8. На другой день к обеду, действительно, все сборы были кончены (Акс.). Действительно ( выражает чувство уверенности)

11. На что бы, казалось, нужна была Плюшкину такая гибель подобных изделий? (Г.). Казалось ( выражает чувство неуверенности)

12. Бурмистр, должно быть, в Перове подгулял (Т.). Должно быть ( выражает чувство неуверенности)

13. Сказать правду, спасенный не понравился Морозке с первого взгляда (Фад.). Сказать правду (выражает удостоверение, утверждение истинности)

15. В непосредственной близости от берега советский катер, пожалуй, был защищен самими скалами от огня фашистских береговых батарей (Сим.). Пожалуй (допущение, возможность чего-либо)

Источник

«Анна Каренина», один из самых знаменитых романов Льва Толстого, начинается ставшей афоризмом фразой: «Все счастливые семьи похожи друг на друга, каждая несчастливая семья несчастлива по-своему». Это книга о вечных ценностях: о любви, о вере, о семье, о человеческом достоинстве.

Вронский к ужасу своему почувствовал что он сделал скверное непростительное движение. Смотреть фото Вронский к ужасу своему почувствовал что он сделал скверное непростительное движение. Смотреть картинку Вронский к ужасу своему почувствовал что он сделал скверное непростительное движение. Картинка про Вронский к ужасу своему почувствовал что он сделал скверное непростительное движение. Фото Вронский к ужасу своему почувствовал что он сделал скверное непростительное движение

– Браво, Вронский! – послышались ему голоса кучки людей – он знал, его полка и приятелей, – которые стояли у этого препятствия; он не мог не узнать голоса Яшвина, но он не видал его.

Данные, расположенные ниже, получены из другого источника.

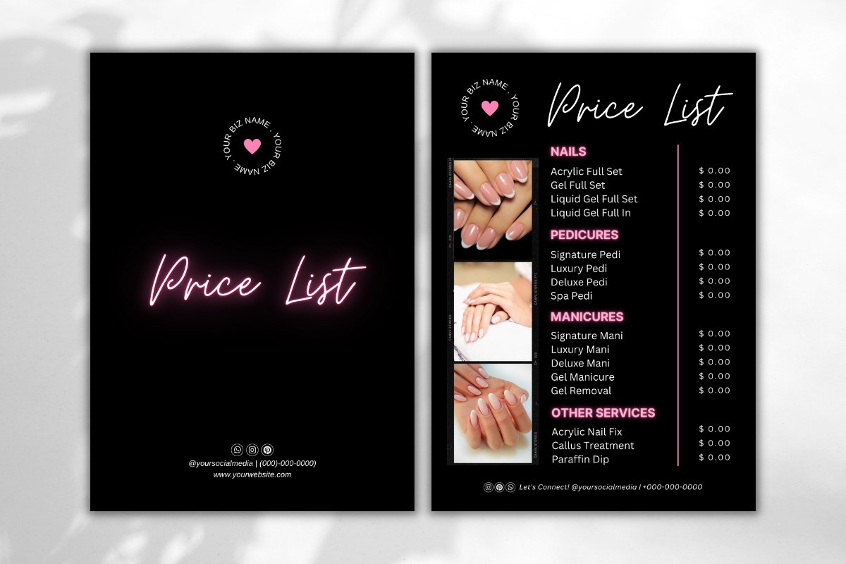 In conclusion, a well-designed template for your nail salon price list can help you attract new clients, retain existing ones, and boost your salon’s overall profitability. Take the time to create a visually appealing and informative price list that reflects the quality of your services and the professionalism of your salon.
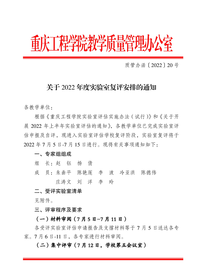关于2022年度实验室复评安排的通知
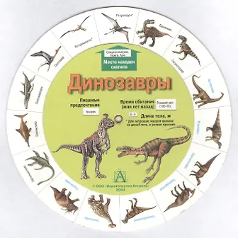 Вашему вниманию представлена удобная круглая таблица, которая включает в себя разные виды динозавров.

«О, прелесть моя!» – думал он на Фру-Фру, прислушиваясь к тому, что происходило сзади. «Перескочил!» – подумал он, услыхав сзади поскок Гладиатора. Оставалась одна последняя канавка в два аршина с водой. Вронский и не смотрел на нее, а, желая прийти далеко первым, стал работать поводьями кругообразно, в такт скока поднимая и опуская голову лошади. Он чувствовал, что лошадь шла из последнего запаса; не только шея и плечи ее были мокры, но на загривке, на голове, на острых ушах каплями выступал пот, и она дышала резко и коротко. Но он знал, что запаса этого с лишком достанет на остающиеся двести сажен. Только потому, что он чувствовал себя ближе к земле, и по особенной мягкости движенья Вронский знал, как много прибавила быстроты его лошадь. Канавку она перелетела, как бы не замечая. Она перелетела ее, как птица; но в это самое время Вронский, к ужасу своему, почувствовал, что, не поспев за движением лошади, он, сам не понимая как, сделал скверное, непростительное движение, опустившись на седло. Вдруг положение его изменилось, и он понял, что случилось что-то ужасное. Он не мог еще дать себе отчета о том, что случилось, как уже мелькнули подле самого его белые ноги рыжего жеребца, и Махотин на быстром скаку прошел мимо. Вронский касался одной ногой земли, и его лошадь валилась на эту ногу. Он едва успел выпростать ногу, как она упала на один бок, тяжело хрипя, и, делая, чтобы подняться, тщетные усилия своей тонкою потною шеей, она затрепыхалась на земле у его ног, как подстреленная птица. Неловкое движение, сделанное Вронским, сломало ей спину. Но это он понял гораздо после. Теперь же он видел только то, что Махотин быстро удалялся, а он, шатаясь, стоял один на грязной неподвижной земле, а пред ним, тяжело дыша, лежала Фру-Фру и, перегнув к нему голову, смотрела на него своим прелестным глазом. Все еще не понимая того, что случилось, Вронский тянул лошадь за повод. Она опять вся забилась, как рыбка, треща крыльями седла, выпростала передние ноги, но, не в силах поднять зада, тотчас же замоталась и опять упала на бок. С изуродованным страстью лицом, бледный и с трясущеюся нижнею челюстью, Вронский ударил ее каблуком в живот и опять стал тянуть за поводья. Но она не двигалась, а, уткнув храп в землю, только смотрела на хозяина своим говорящим взглядом.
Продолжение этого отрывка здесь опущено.